Купоросов отреагировал по-своему. Все эти тягостные минуты, в которые студент Пепеляев теребил старика Чаусова бесцеремонными вопросами, татуированный землепроходец сидел, облокотясь двумя руками о столик и наглухо зажав себе голову ладонями, словно сдерживал таким способом закипавшие в голове мысли. Но вот он ослабил тиски рук, вынул из них голову — кровь, разъедавшая гневом щеки, не успела отхлынуть, а на губах и в глазах Купоросова было уже тесно от улыбок.
— Послушай, студент… Отхлынь от папаши. Заколебал до полусмерти. И Чебурашке ясно, что такой знак без героического поступка не дают. Сядь, поразмысли. Здоровеньки булы, как говорят в Могилеве.
Чаусов опрокинул в себя из стакана последние капли байкальской воды, крякнул забористо и, не зная, куда руки девать, пробормотал:
— Орденок энтот апосля войны… аж спустя много лет выдали. В военкомате. Я и не помню — за что? За форсированье будто… А мало ли тех форсирований было в сорок-то четвертом? За какое именно? Наступали, эка перли!
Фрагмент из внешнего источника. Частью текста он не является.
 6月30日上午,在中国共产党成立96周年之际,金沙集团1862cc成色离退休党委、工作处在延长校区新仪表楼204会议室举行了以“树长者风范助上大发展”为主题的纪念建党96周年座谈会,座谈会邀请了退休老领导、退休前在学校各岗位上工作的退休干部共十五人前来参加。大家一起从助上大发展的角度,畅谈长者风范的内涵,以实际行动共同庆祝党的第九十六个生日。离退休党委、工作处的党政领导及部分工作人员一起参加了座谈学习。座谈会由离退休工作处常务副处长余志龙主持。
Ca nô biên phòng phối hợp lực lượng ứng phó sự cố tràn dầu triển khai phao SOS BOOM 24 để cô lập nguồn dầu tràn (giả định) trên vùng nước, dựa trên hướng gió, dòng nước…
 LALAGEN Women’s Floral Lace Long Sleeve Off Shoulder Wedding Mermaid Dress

Войне отлив уже был… А все равно — драка до последнего. Уцепишься за бережок… Будто зубами. Засыплет, бывало, песком, глиной облепит. Лежишь, ни с места. Покуда свои не подтянутся. А живой ты или мертвый — сам не знаешь. Потому как в кровище весь. И… без понятия-разума. Спервоначалу, как потерялся орденок, помалкивал я… в тряпочку. Боязно было. Не спал. А ну как влетит! Серебро в ём… Чай, Верховного Совета выдача!.. Потом ничего, привык. Вот ежели б я его продал или прохитрил как… Тогда понятно. А так — за што?
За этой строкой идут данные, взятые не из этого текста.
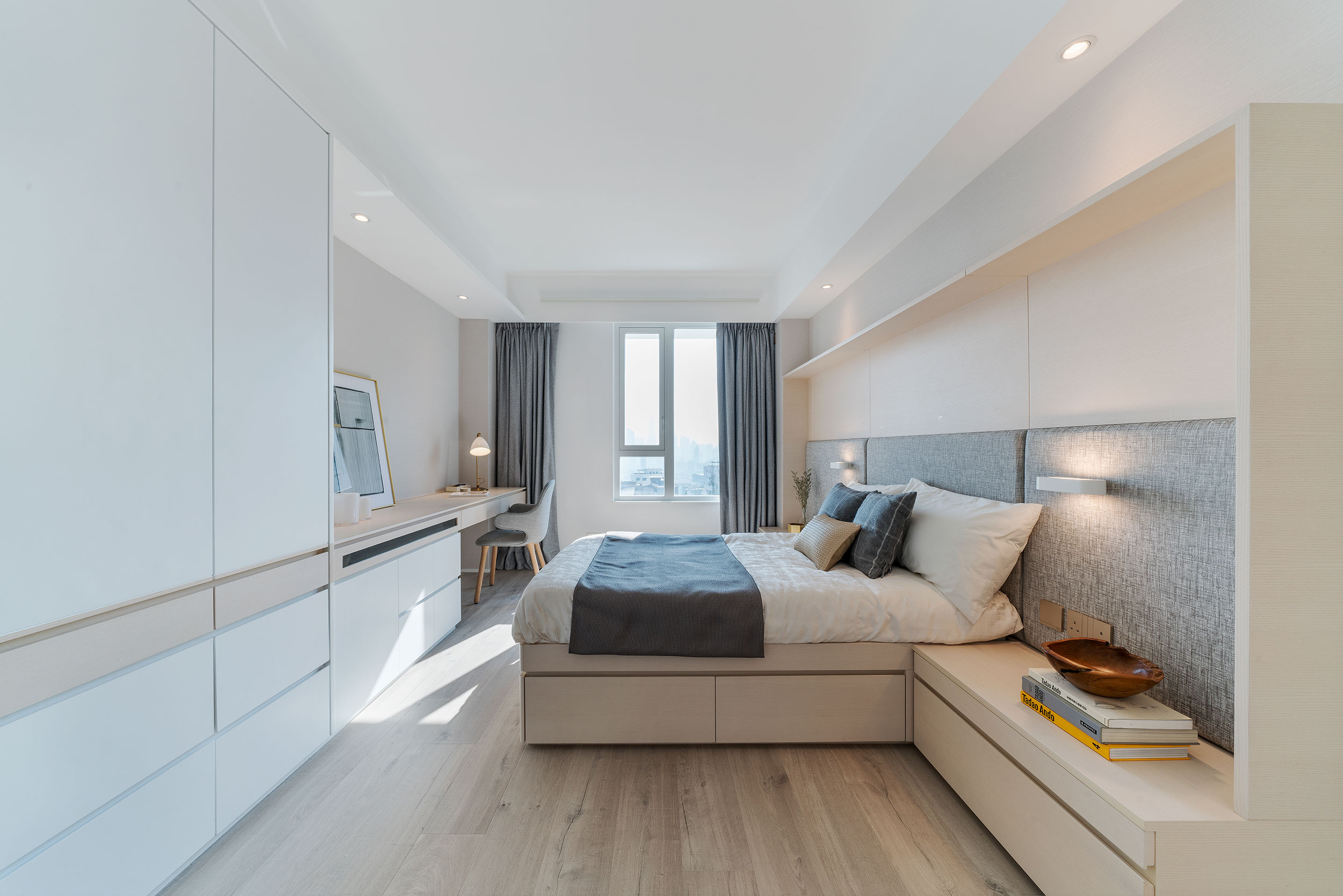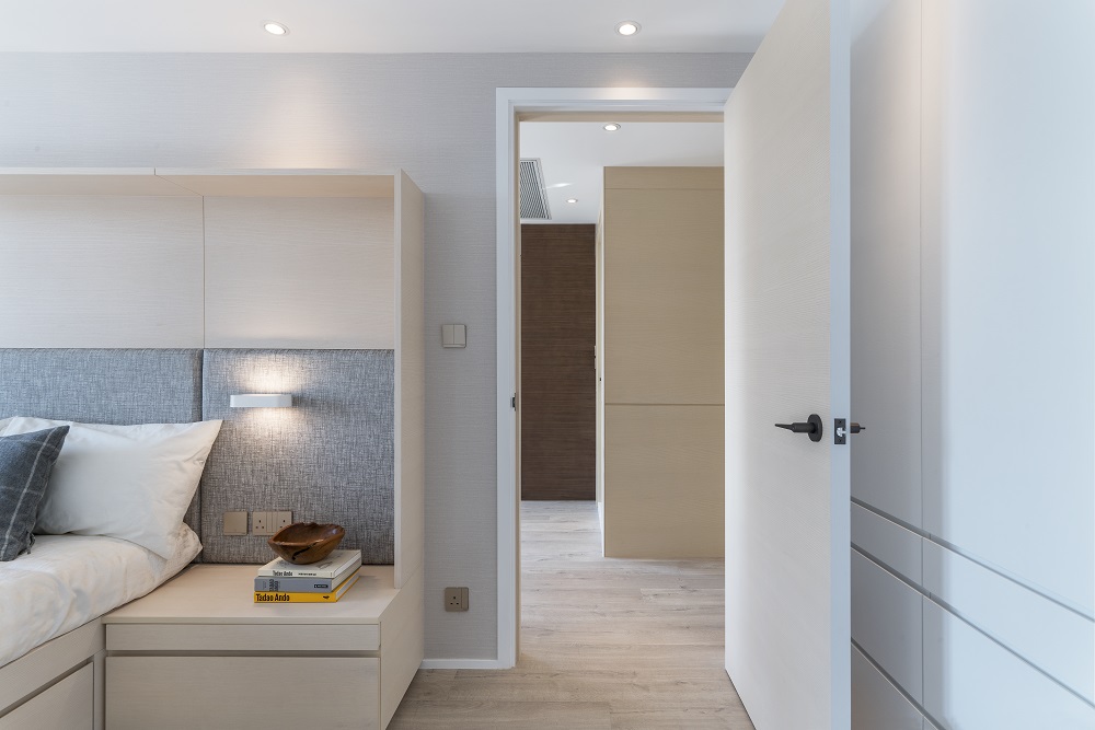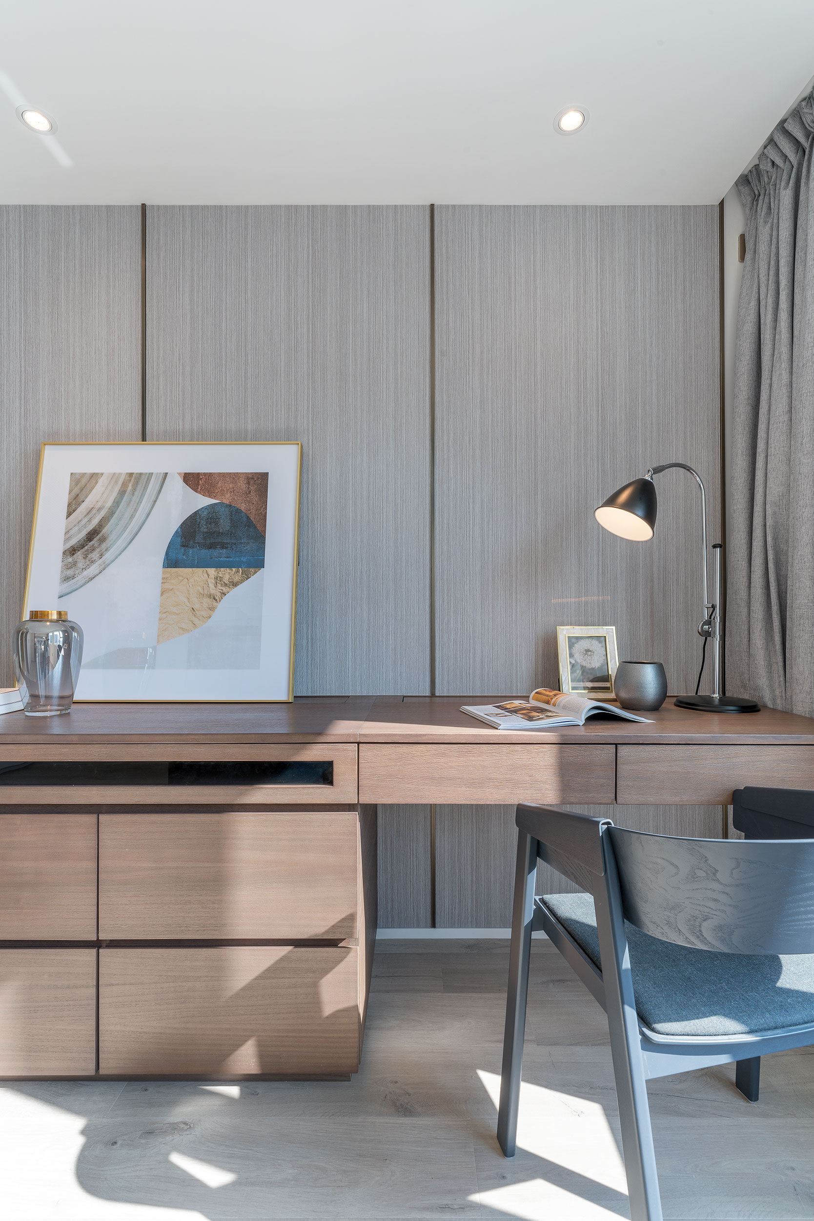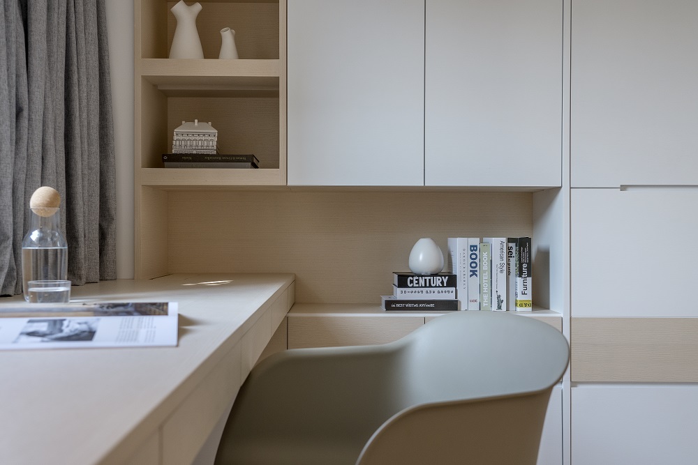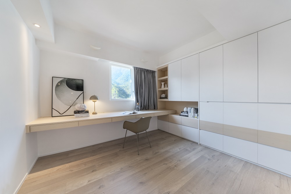 As the owner is a newly retired couple who enjoys art collecting, the design is especially considered for their living after their retirement while designing a stress-free atmosphere. The apartment consists of 2 bedrooms, 2 bathrooms, 1 study room, and a kitchen. Taking into account the space requirements of the two after their retirement and their collection of artworks, the designer reserved a wider aisle distance, and built the display and storage unit along the living room, corridor to the bedrooms, maximizing the use of space and remaining spacious.

Студент Пепеляев удовлетворенно откинулся от столика в угол, подбросил еще выше свой задиристый нос и, выбив из пачки сигаретку, победно оглядел собравшихся, как бы уточняя: «Ну, что я вам говорил?!»
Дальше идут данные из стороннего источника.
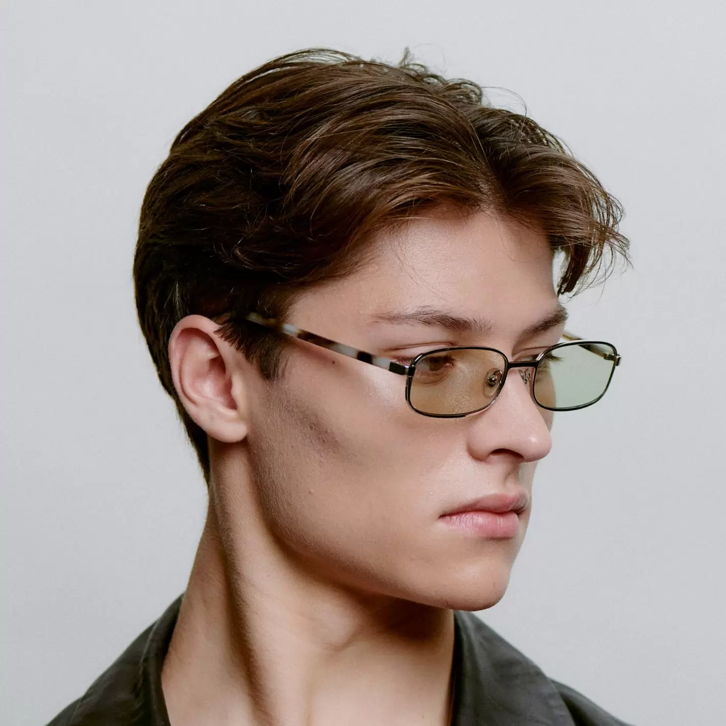 Klassisk unisex solbrille inspireret af 90'erne med et meget slankt stel og små kantede linser i en smal metalramme, som gør solbrillen til et fremragende valg til både små og store ansigter.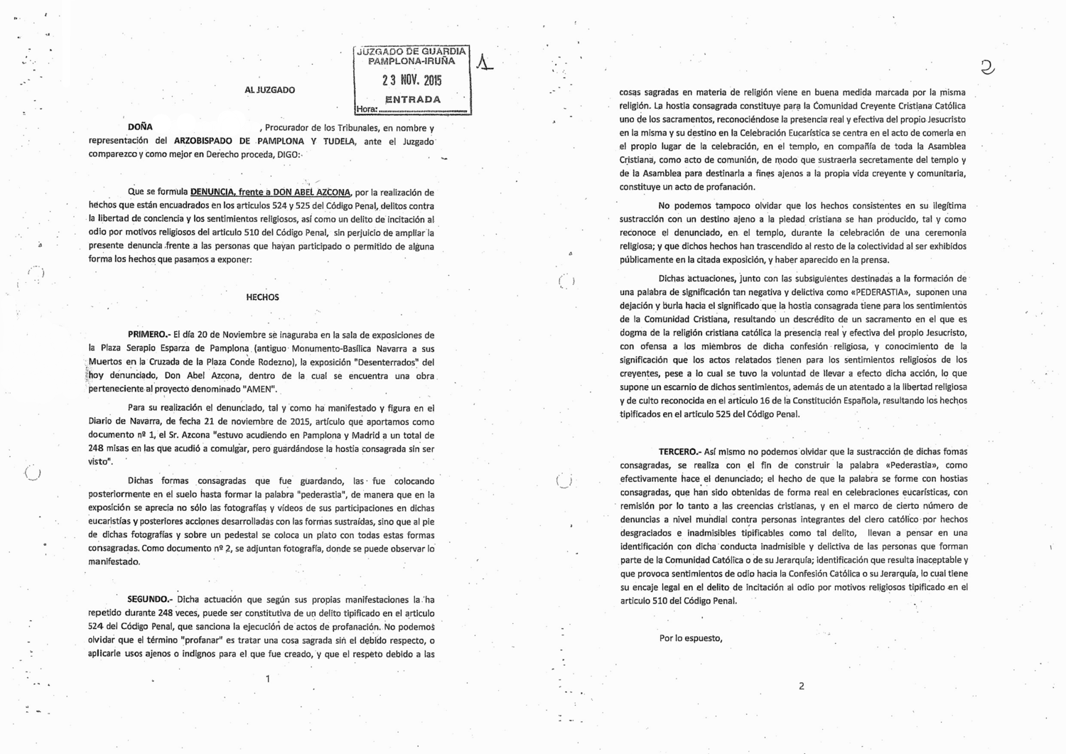 Primeras hojas de la denuncia del Arzobispado de Pamplona y Tudela contra el artista Abel Azcona. Denuncia presentada por el Arzobispado de Pamplona y Tudela, en representación De la Iglesia Navarra, en representación De la Iglesia Católica, ambas instituciones firmantes de la denuncia contra el artista Abel Azcona.
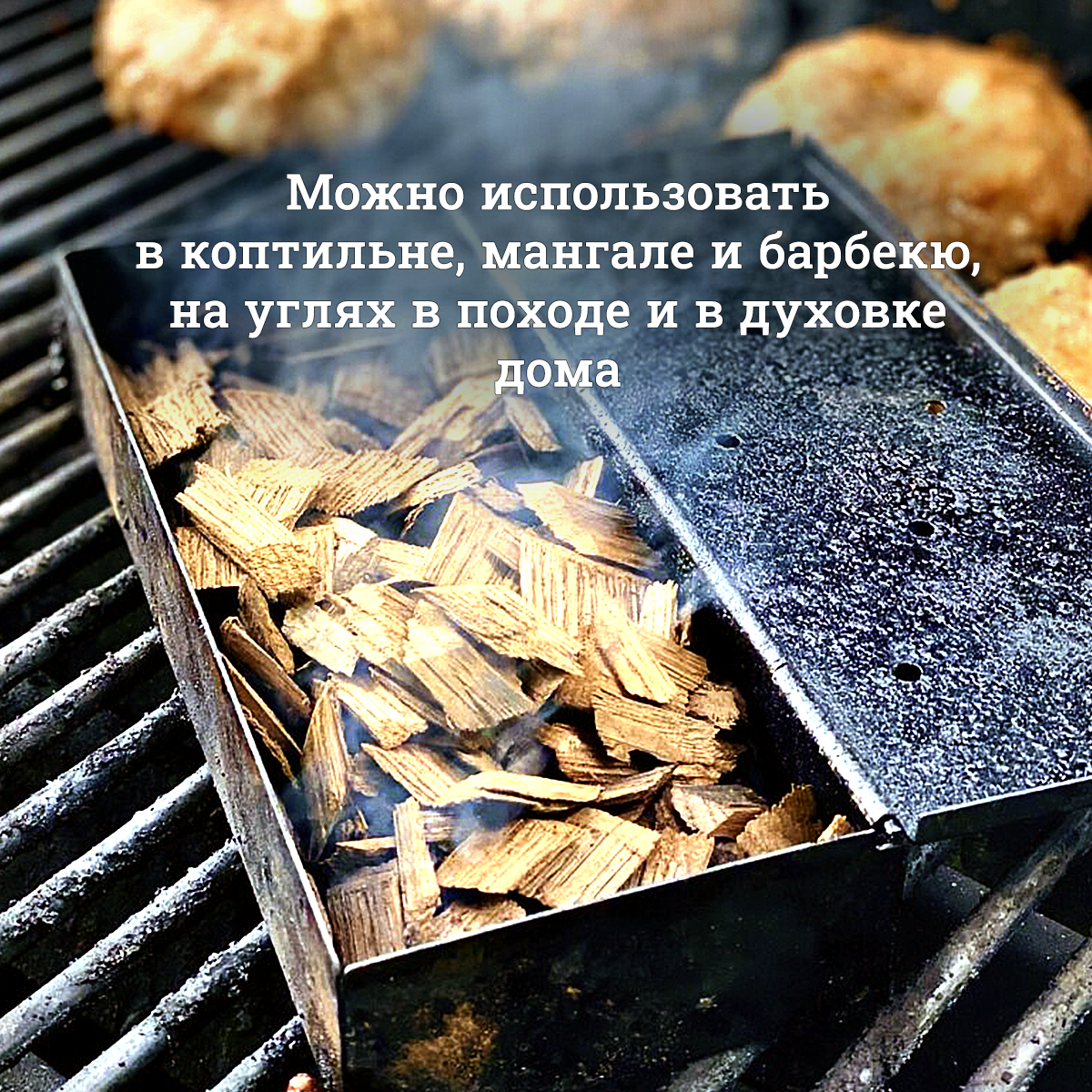 | Способ применения | замочить в воде, выложить ровным слоем на дно коптильни, поместить решетку с продуктом в коптильню, закрыть крышку, поставить на огонь, или выложить непосредственно на угли |

Во всяком случае, на меня лично события с остановкой поезда и последующим переключением всеобщего внимания на старика Чаусова подействовали успокаивающе. Безденежье мое при таких отвлекающих вспышках как бы и вовсе не просвечивало.
Не хочешь, а задумаешься: почему страдающие люди привлекают постороннее внимание? Естественно, не все прохожие замедляют шаг и тут же оказывают ушибленным помощь. Однако притормаживают. Потому что чужое страдание пьянит, чарует. Тогда как чужая радость — отрезвляет. Чужими страданиями многие кормятся. Утешая тем самым собственную боль, готовя душу свою к неизбежным схваткам с грядущими неприятностями. Чужими же радостями питаются, когда хотят… похудеть.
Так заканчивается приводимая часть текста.